Il avait dû finalement quitter son appartement haut perché, son « pigeonnier » comme il disait, situé dans l’île Saint-Louis à Paris, d’où il ne descendait plus depuis plusieurs années, faute d’ascenseur dans cet immeuble très ancien où il avait jeté son ancre depuis presque une éternité. Son état de santé avait conduit à son hospitalisation à l’hôpital Charles Foix, à Ivry-sur-Seine, en banlieue parisienne. Il y est mort dans la nuit du 7 au 8 novembre.
Né à Paris en 1916, il avait 101 ans. « Il a été mon directeur de thèse et puis un peu mon père, mon frère, mon fils, tout cela à la fois. Nous nous sommes fréquentés assez intensément pendant près de cinquante ans. Il m’a tout apporté. C’est un homme que j’aime beaucoup. J’ai du mal à en parler au passé », déclare au Monde le musicologue et ethnologue Bernard Lortat-Jacob, qui fut directeur de recherche au CNRS (Centre national de la recherche scientifique) et responsable du Laboratoire d’ethnomusicologie du Musée de l’Homme de Paris, de 1989 à 2004.
Equipement sonore du Musée de l’Homme
Ouvert en 1937, le Musée de l’Homme est devenu en peu d’années un haut lieu de la recherche, et des ethnologues, musicologues, ethnomusicologues renommés y ont installé leur laboratoire, dont Claude Lévi-Strauss, Marcel Griaule, Michel Leiris, Germaine Tillion, Jean Rouch, Thérèse Rivière ou encore André Schaeffner (1895-1980), chef du Département d’ethnologie musicale. En 1942, celui-ci y fait rentrer, en tant qu’assistant, Gilbert Rouget, formé en ethnologie et anthropologie à l’Ecole pratique des hautes études (EPHE) avec, entre autres, Maurice Leenhardt et Claude Lévi-Strauss.
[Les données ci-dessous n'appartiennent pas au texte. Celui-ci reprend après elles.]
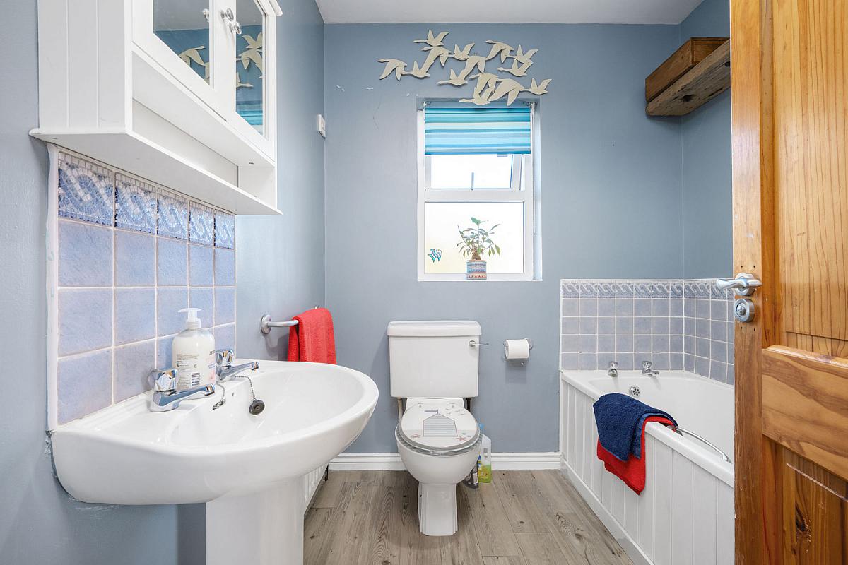 With white suite comprising w.c., wash hand basin with tiled splashback, bath with tiled surround, extractor fan and laminate wood floor.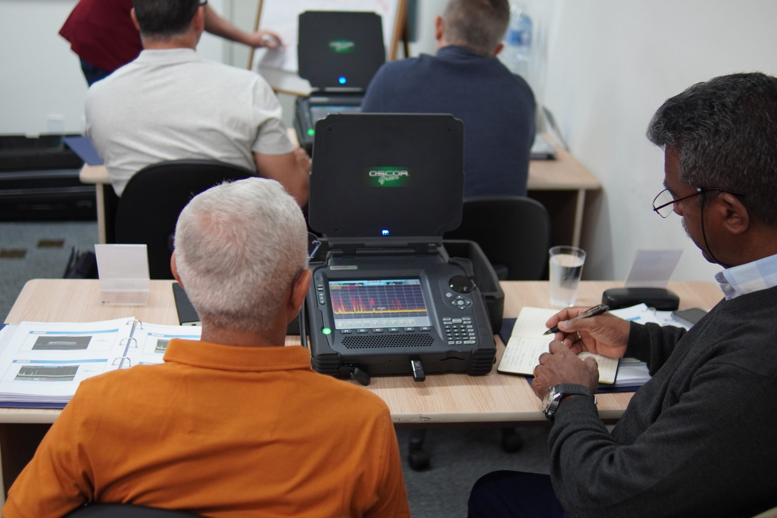 Durante o treinamento, os participantes tiveram contato direto com alguns dos equipamentos mais avançados do mercado de segurança em contrainteligência, incluindo analisadores de espectro, detectores de junção não linear, receptores de detecção de sinais e ferramentas especializadas para análise de linhas e redes.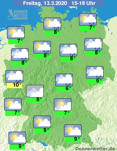 In der Mitte treten bei meist dichter Bewölkung Schauer nur örtlich auf.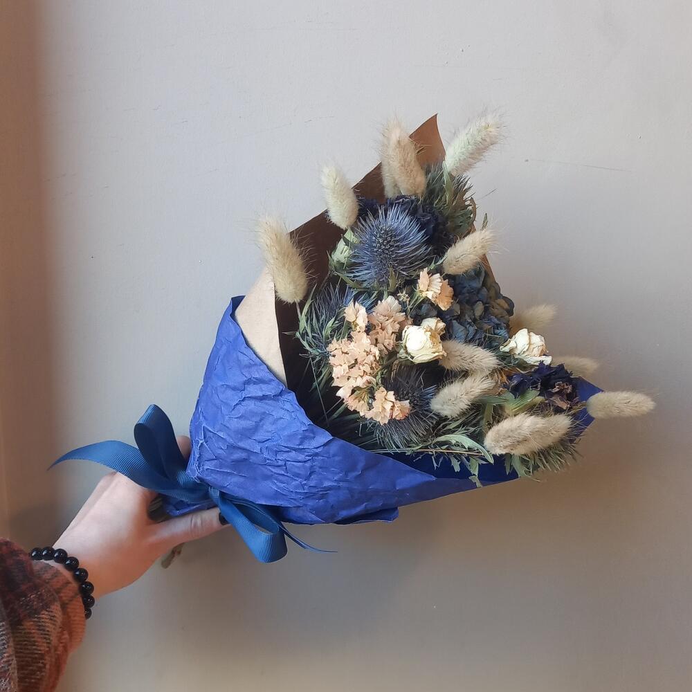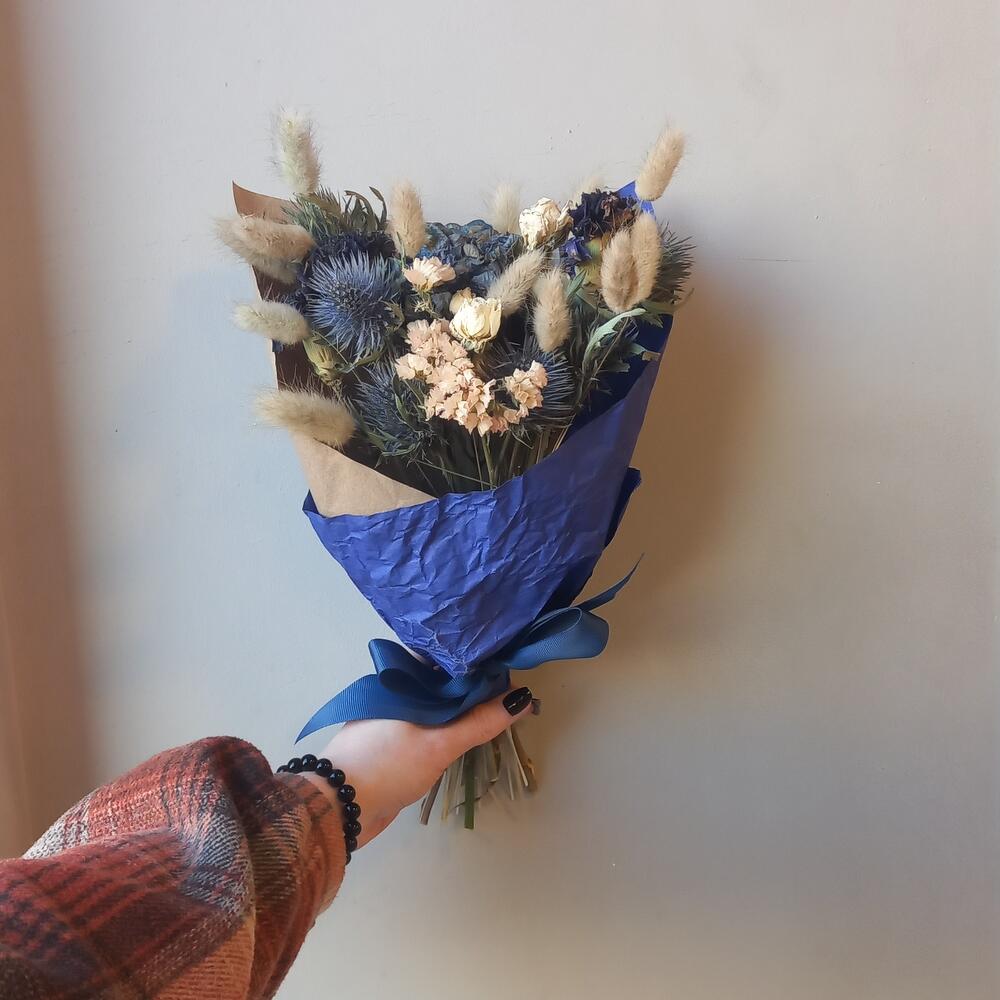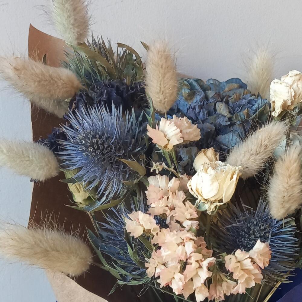 Эрингиум – 3 шт.Гортензия синяя – 1 шт.Гвоздика – 3 шт.Роза кустовая – 2 шт.Лагурус – 13 шт.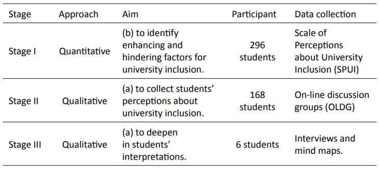A mixed study was carried out in three stages: a first quantitative stage, where an initial approach to the field of study was made, and a second and third qualitative stage, delving into the participants’ discourses on diversity and university inclusion. The scope of this study is not only to take advantage of the potential of mixed research (Stacciarini & Cook, 2015), but to give the qualitative perspective a primary character that is complemented by the secondary quantitative insights.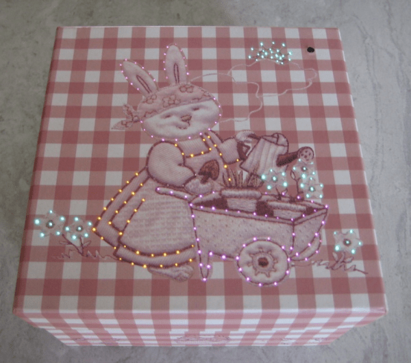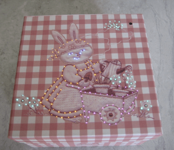 Dėžutė su mirksinčiomis lemputėmis. Norimo dydžio, su reikiama spauda. Smagi, šventinė, stebinanti pakuotė.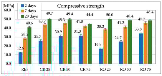 The use of RCA may result in deterioration of the mechanical properties of concrete—this depends on the quality of the concrete used. It is stated that the use of 30% RCA as a substitute for natural aggregate has not resulted in a decrease in compressive strength [27]. Increasing the amount of RCA to 100% reduced strength by about 10%. The strength of concrete containing 100% RCA is lower by about 8% after 2 days but higher by about 5% after 7 and 28 days [23]. After 28 days a decrease in compressive strength by about 10% was found [24]. Similar relationships were found for mortars containing 25%–100% fine RCA [28]. Reduction of compressive and flexural strength and elasticity modulus was also described for HPC containing RCA after 7, 14 and 28 days [26]. Concretes containing 50% and 100% RCA have lower compressive strength compared to control concrete, however, the use of concrete from railway sleepers demolition caused an increase in strength [25]. The compressive strength of concrete containing RCA is 30% less than the reference concrete, and the compressive strength is 10% less. Static and dynamic modulus of elasticity decreased by about 20% [29]. Similar results were obtained by other researchers [30].
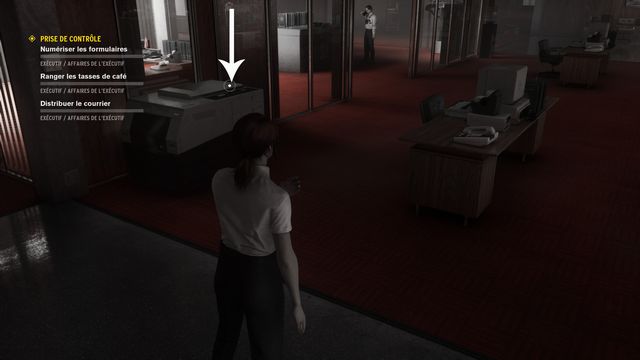 d'affichage des tâches. Reprenez-les tâches mais allez directement appuyez sur le levier pour rejoindre le bureau du directeur. Ramassez le pistolet sur son bureau (photo ci-dessous à droite).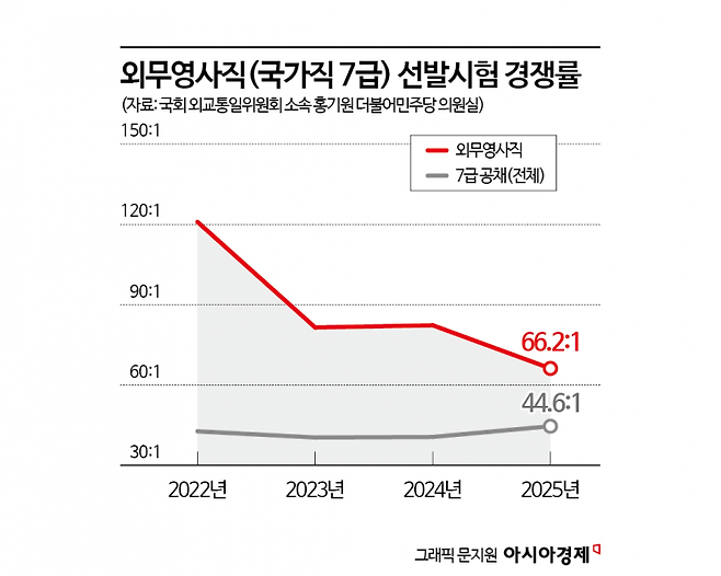 24일 국회 외교통일위원회 소속 홍기원 더불어민주당 의원이 인사혁신처로부터 제출받은 자료에 따르면 올해 실시된 외무영사직(국가직 7급) 선발시험 경쟁률은 66.2대 1을 기록해 2022년(120.9대 1) 대비 절반에 그쳤다. 같은 기간 7급 전체 공채 경쟁률이 42.7대 1에서 44.6대 1로 오른 것과 대비된다.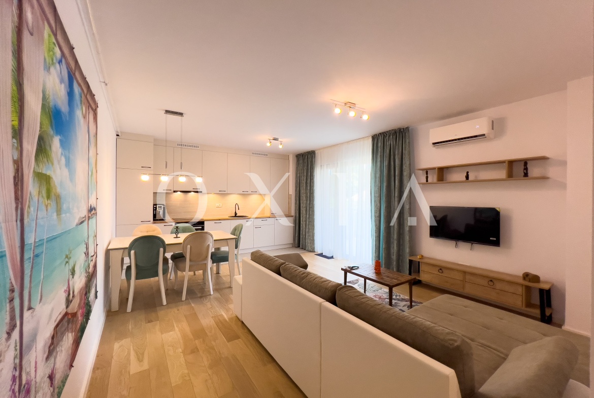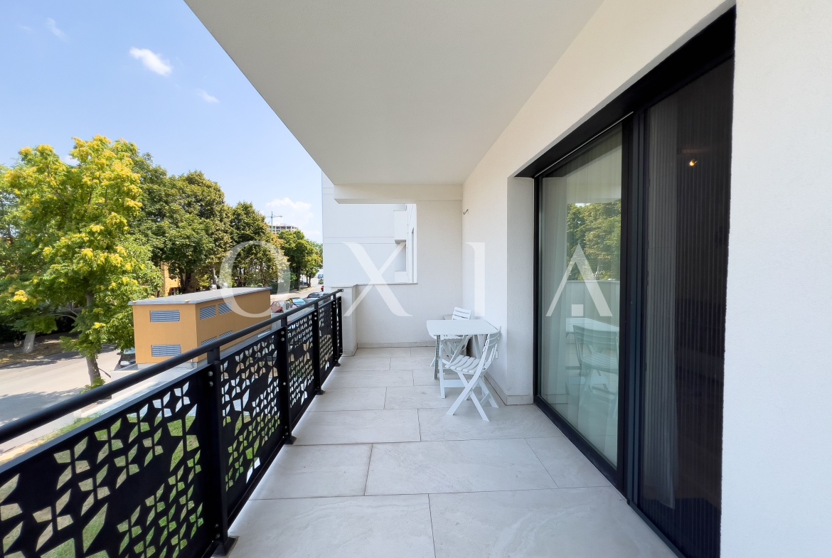 OXIA prezinta spre inchiriere apartament cu 2 camere, situat in Timisoara, complex rezidential Monarch (Circumvalatiunii), la etajul 1/6, imobil dotat cu lift, semidecomandat, cu suprafata de 55 mp utili+12 mp terasa, compartimentat astfel: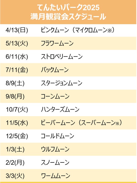 2025年度は、毎月満月の日に美しく輝く月を愛でる「満月観賞会」をはじめ、10月の「中秋の名月」、11月と1月には「ダイヤモンド富士」、「初日の出」など、様々な天体イベントの観賞会を予定しています。
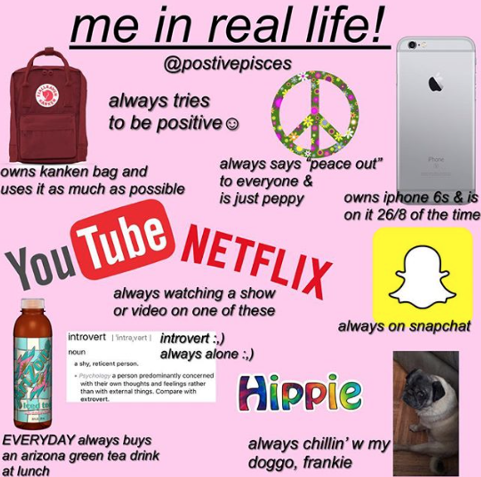 Alright, I know what you're thinking: what the heck is a niche meme? Well, you may not know the term, but if you have an Instagram, twitter, or Tumblr account, you have most definitely come across a niche meme. They are especially prominent on Instagram, having whole accounts dedicated to their existence. A niche meme is a very particular meme, usually highlighting a specific aspect of the creators' life or poking fun at something the creator has seen or noticed. They are often very obscure, and few people can relate to them. Niche memes use aesthetically pleasing elements such as clip art, well-coordinated color schemes, and large fonts to draw in viewers. So now that you know what a niche meme is, let's give you an example.

Parallèlement à ses études, Rouget apprend le piano (élève d’ Yvette Grimaud) et suit des cours de musique à la Schola Cantorum de Paris. « Quand il l’a appelé à le rejoindre au Musée de l’Homme, André Schaeffner a reconnu qui il était, poursuit Bernard Lortat-Jacob, et lui a laissé les coudées franches pour la technologie ». Gilbert Rouget s’investit alors dans l’équipement sonore du Musée de l’Homme, où il crée en 1947 un studio d’enregistrement du son. Cette même année, il se lance dans l’édition de disques, préfigurant la prestigieuse collection CNRS-Musée de l’Homme.
Après avoir rejoint le CNRS en 1957, il succède à son maître, André Schaeffner, en 1965, prenant la direction du Département d’ethnomusicologie du Musée de l’Homme. Une institution dont il s’éloigne régulièrement pour aller à la rencontre des pratiques musicales traditionnelles sur lesquelles il travaille.